Problem to work on => The required output is the exact run of lines in the listing below from the line holding "El haz de luz" through the line holding "Our company Xionglin", with no pictures.
----------
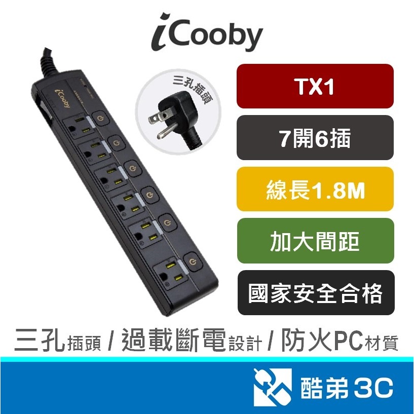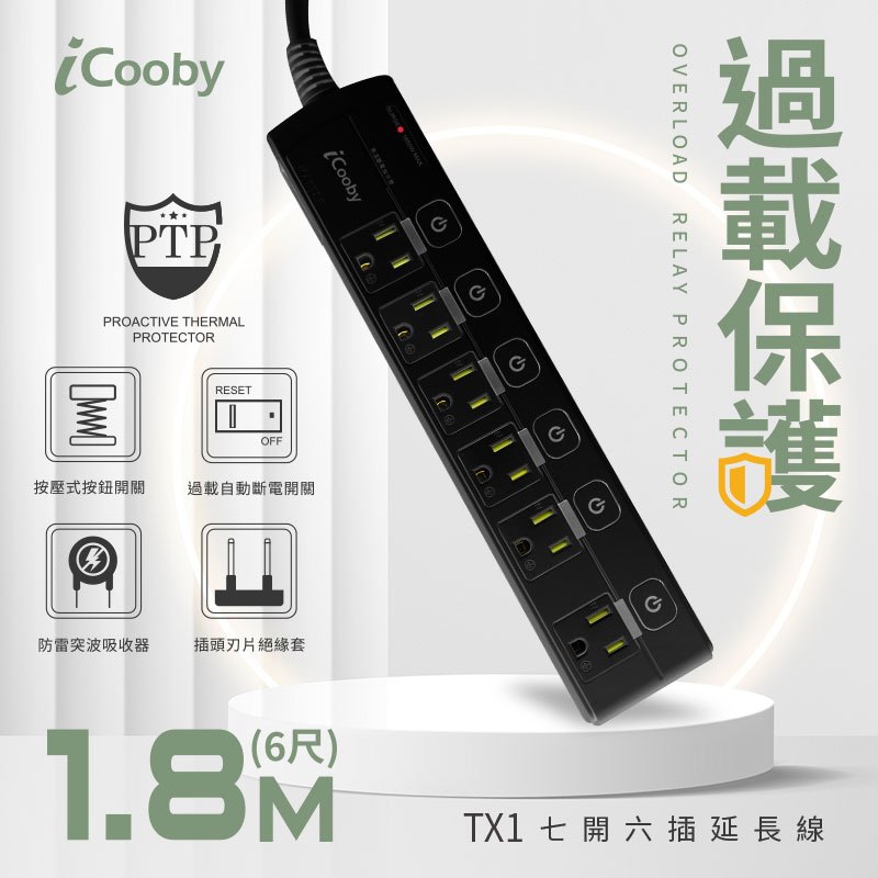 iCooby TX1 七開六插 延長線 1.8M 3孔延長線 防火PC材質 過載自動斷電開關 6尺 安規認證 三插iCooby TX1 七開六插 延長線 1.8M 3孔延長線 防火PC材質 過載自動斷電開關 6尺 安規認證 三插Electric Sockets & Extension CordsQD 酷弟3C
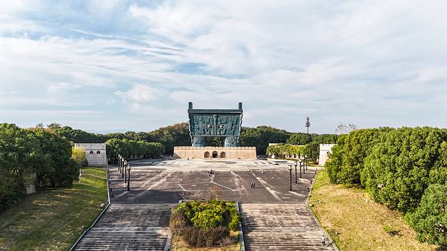 我在南昌的最后一站,是参观傩文化公园,在八卦广场上,南昌瓷板画艺术博物馆以其独特的青铜大鼎造型矗立其中,显得格外引人注目。
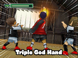 God Hand Triple (ゴッドハンドトリプル, Goddo Hando Toripuru) is a game exclusive combination catch hissatsu technique introduced in Inazuma Eleven 2: Kyoui no Shinryakusha.
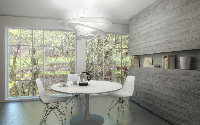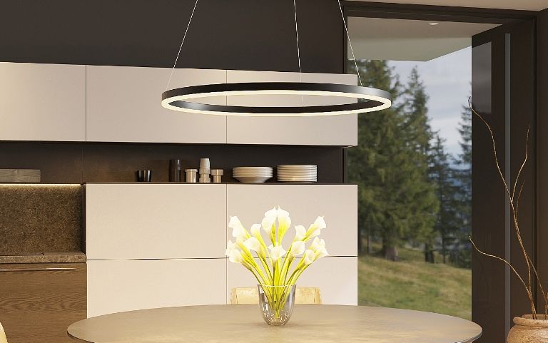 El haz de luz de las lámparas colgantes rodea la mesa de comedor y las sillas vecinas. Esto crea un ambiente acogedor y difumina suavemente el entorno.
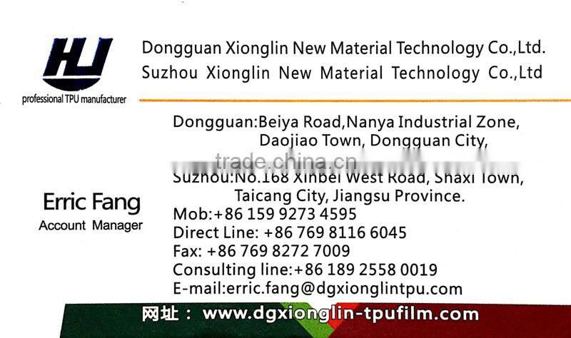 Our company Xionglin is the first and biggest professional manufacturer for TPU thin film production in China.(5 Production base,including 4 in China mainland and 1 in Vietnam.Annual production more than 18000T). We are the Largest annual production,highest market share,Most varieties TPU products company in China.Any products you could find in our company with best price and quality.
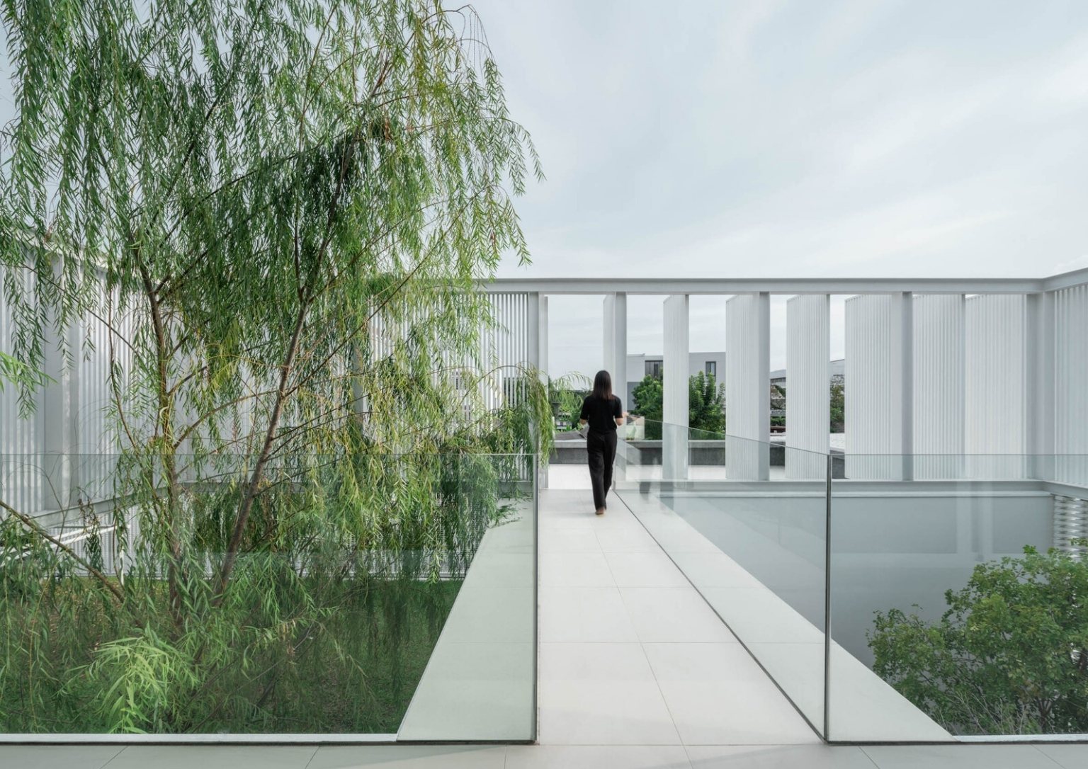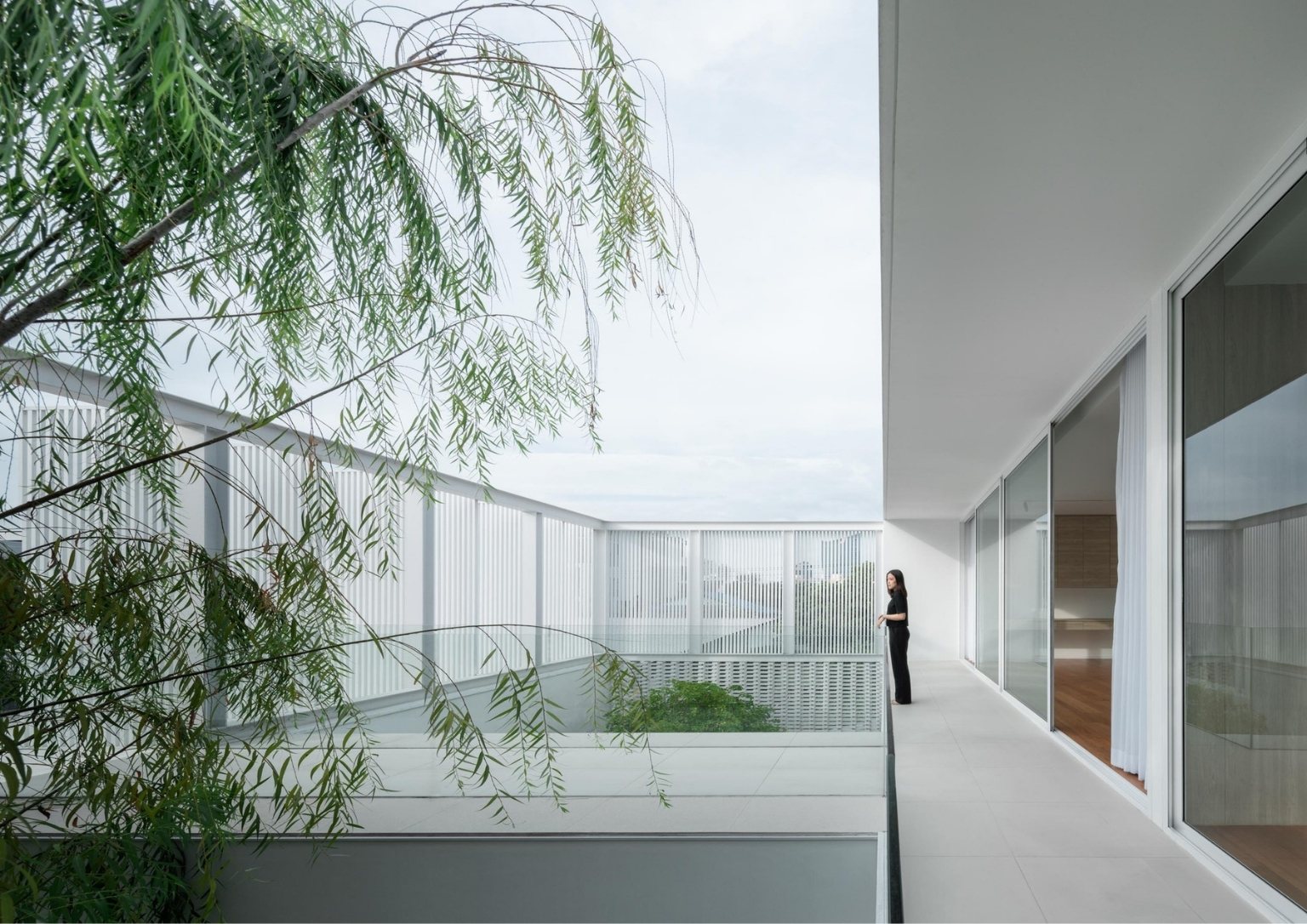 A bridge leading to a lowered terrace is placed in the foreground. On either side are swaying leaves coming from the downstairs court shared with the study and the Weeping Willow forming the midground. Occupants can see the central trees in the distance through the screen. According to the architect, this view is permanent, unwavering, and uncompromising because the screens ensure complete privacy. No blinds are required.
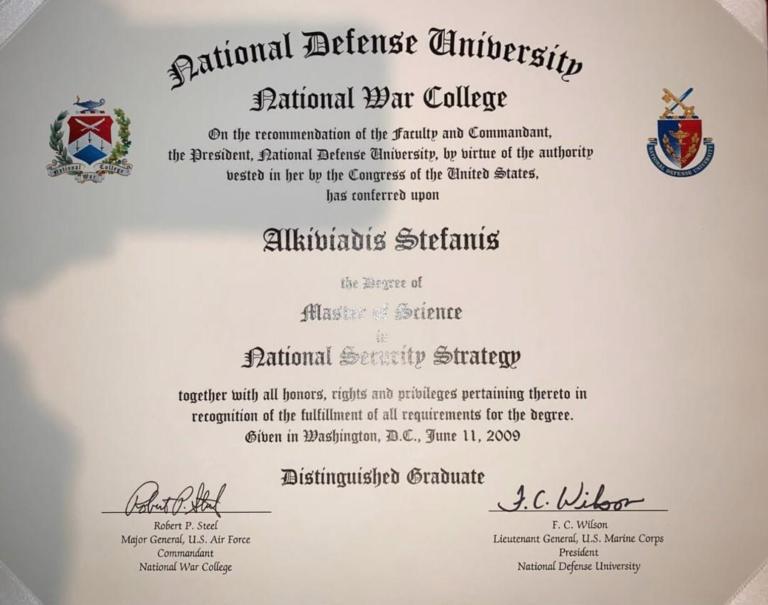 «Η λάσπη και οι αθλιότητες δεν με αγγίζουν, ούτε με πτοούν την ώρα που χειρίζομαι κρίσιμα για την πατρίδα μας θέματα. Και για τους εκ του πονηρού ερωτώντες, ιδού τα πτυχία μου». Ο κ. Στεφανής προσθέτει: «Σε ό,τι αφορά στο πρώτο, ήταν ομαδικό πρόγραμμα σπουδών του ΥΠΕΘΑ για τη Διαχείριση Κρίσεων. Σε ό,τι αφορά στο δεύτερο, ήμουν ο μοναδικός Έλληνας Αξιωματικός τη χρονιά 2008-2009 λόγω του ότι αρίστευσα στη Σχολή Εθνικής Άμυνας, αποφοιτώντας πρώτος και σύμφωνα με τις διαδικασίες, ως επιβράβευση και πληρώντας όλα τα υπόλοιπα στοιχεία επιλέχθηκα από το Συμβούλιο. Κατά τις εκεί σπουδές μου, εκτός της Ακαδημαϊκής μου αριστείας, ήμουν ο Πρόεδρος της επιτροπής Ηθικού του Πανεπιστημίου. Ολοκλήρωσα τις σπουδές μου ως Διακεκριμένος Απόφοιτος και βραβεύτηκα από το Γενικό Επιτελείο Στρατού».
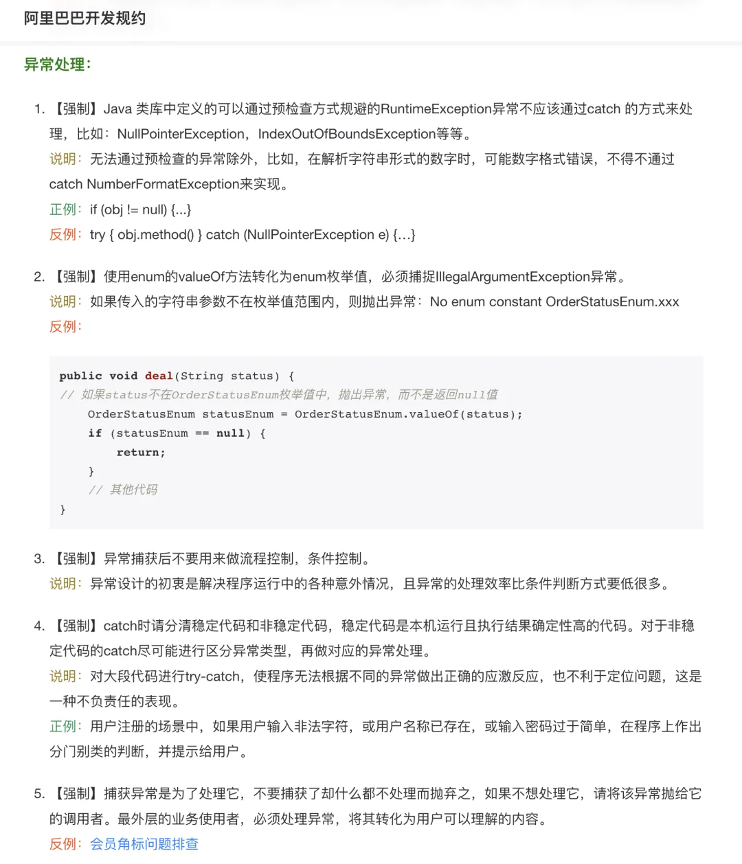 try{ try{ try{ …… } catch (Biz1Exception e){ log.error(e); // 重复的LOG记录 throw new e; } try{ …… } catch (Biz2Exception e){ …… // 同样是业务异常,既在内层处理,又在外层处理 } } catch (BizException e){ log.error(e); // 重复的LOG记录 throw e; }} catch (Exception e){ // 通吃所有类型的异常 log.error(e.getMessage(),e);}
----------
Output of the task =>
 El haz de luz de las lámparas colgantes rodea la mesa de comedor y las sillas vecinas. Esto crea un ambiente acogedor y difumina suavemente el entorno.
 Our company Xionglin is the first and biggest professional manufacturer for TPU thin film production in China.(5 Production base,including 4 in China mainland and 1 in Vietnam.Annual production more than 18000T). We are the Largest annual production,highest market share,Most varieties TPU products company in China.Any products you could find in our company with best price and quality.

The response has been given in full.